И здесь есть любовь. Дядечка постарше сжимает мне руку и кольцо у меня на пальце и говорит:
– Я люблю тебя, Роза.
И тут птичий гомон становится просто оглушительным. Распускается и расцветает повсюду вокруг нас, словно огромный цветок, и даже непонятно, какого он цвета – настолько он весь разноцветный, и жаль, что я не знаю, как они называются, эти птицы. Кукабарры? Смеющиеся кукабарры? [9] Но не могут же они все быть кукабаррами, ведь, помимо смеха и хохота, они еще и визжат, и клекочут, и скрежещут, и издают трели, и гогочут, и бормочут, и щебечут, и щелкают, и все эти их звуки такие же яркие, цветущие и разноцветные, как и цветы, и вдруг как по волшебству все цветы вокруг становятся одним цветком, одной розой, и тогда я понимаю, что и птица здесь тоже одна. Я знаю, что, как бы это ни было невероятно, весь этот шум исходит от одной птицы, от одной-единственной птицы, произносящей все эти слова, и в этих словах – все птицы, все цветы, весь солнечный свет и все розы на свете, а также еще одна Роза. И тут я понимаю, что вовсе не птицы, не цветы и не солнечный свет издают эти звуки, и это не они произносят все эти слова. Это я сама – это я сама произношу их, и даже не так уж и громко, но шум от этого повсюду и во всем.
– И я тебя люблю, – говорю я.
– О! – вот что говорит мой сын, когда я говорю ему, что влюблена. А еще: – Что-что ты сказала? Влюблена, правильно?
– Не знаю, правильно это или неправильно. Знаю только, что я влюблена.
Позже я говорю то же самое своей дочери.
– Я влюблена, – говорю я.
Моя дочь ничего не отвечает.
– Ну ты даешь, бабуля! – восклицают Частити и Фелисити.
Задаю дочери тот же вопрос, что и сыну:
– Почему ты не сказала мне, что я была влюб– лена?

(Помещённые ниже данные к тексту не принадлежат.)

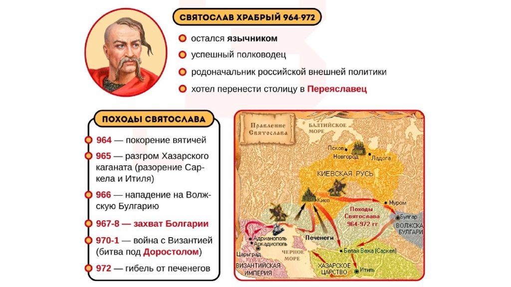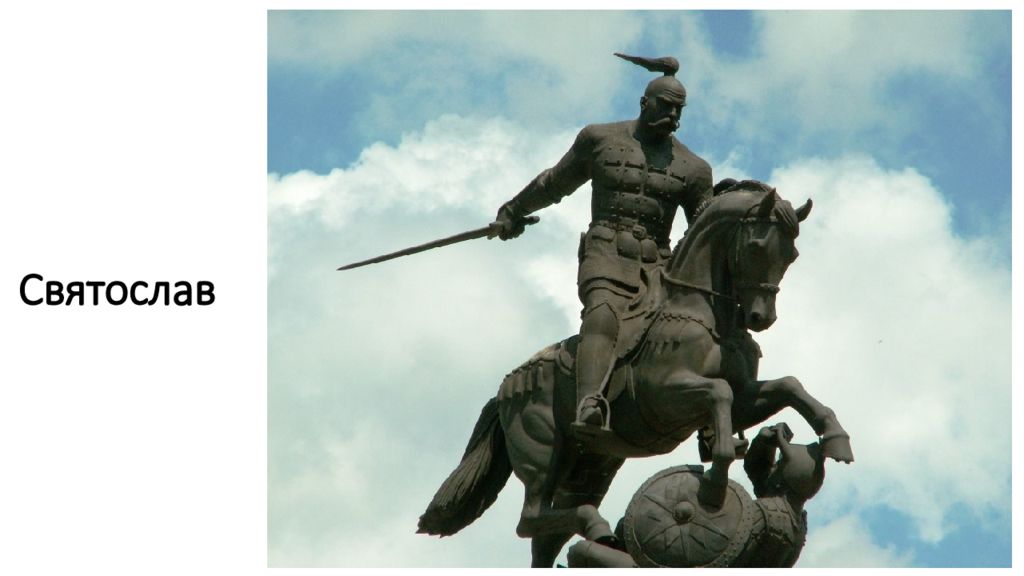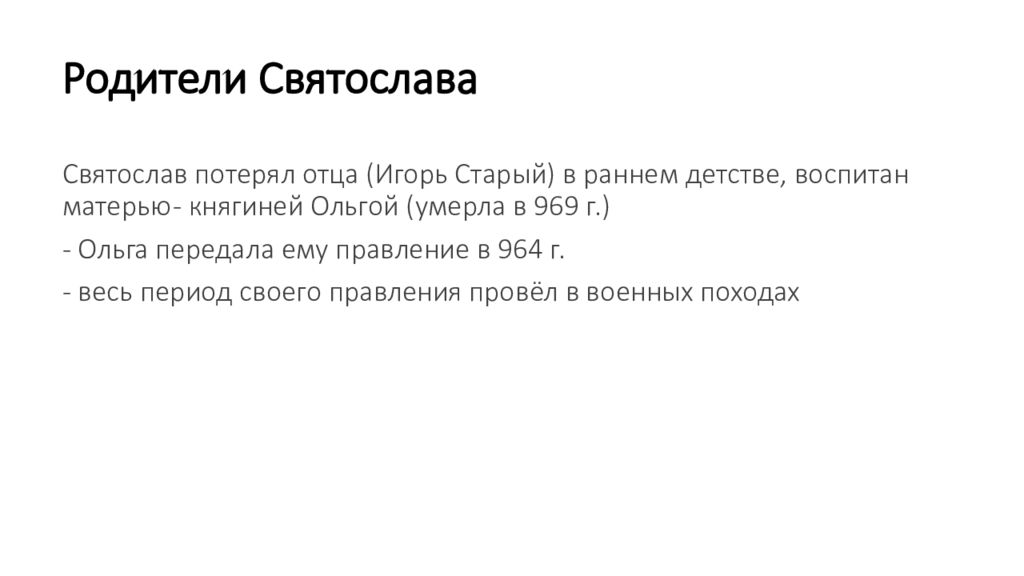 Святослав п отерял отца (Игорь Старый) в раннем детстве, воспитан матерью - княгиней Ольгой ( умерла в 969 г.) - Ольга передала ему правление в 964 г. - весь период своего правления провёл в военных походах

– Мам… – говорит мой сын, когда я его об этом спрашиваю, и обводит взглядом комнату. Вижу, что он смотрит на фотографию дядечки постарше, которая сейчас и не у самой стенки, и не на самом краю этого, как его там. Она на моем окне, где я ее оставила. На этом, как его… подоконнике. Над горшками с растениями. Deliciosa.
– Я рад, – говорит он, но вид у него не особо радостный. Рад… Радермахера китайская. – Ну конечно же, ты любила его.
– Любила? В каком это смысле любила?
Что же касается моей дочери, то если она и замечает фотографию дядечки постарше у меня на окне, то ничего не говорит. Это у нее всегда очень хорошо получается.
– Почему ты мне не сказала? – настаиваю я. А это уже то, что всегда хорошо получается у меня.
В конце концов она сдается.
– Любишь, любишь, любишь… – бормочет она, нацеливая эти слова в ванну. И вздыхает.
Ну вот, только представьте себе… Я влюблена. Хотела бы я сказать об этом своей приятельнице, но она выпала из окна. Тогда, пожалуй, скажу тому субъекту, который лежит на кровати моей приятельницы.
Он мне по-прежнему не нравится. Я сижу возле кровати своей приятельницы и смотрю на него. Он смотрит в телевизор. Рот у него раскрыт, и пижамные штаны тоже.
– Представляете? – говорю я. – Я влюблена.
На лицо ему садится муха.
– Не в вас, конечно же. – Важно, чтобы он это понял. – Вы мне совсем не нравитесь.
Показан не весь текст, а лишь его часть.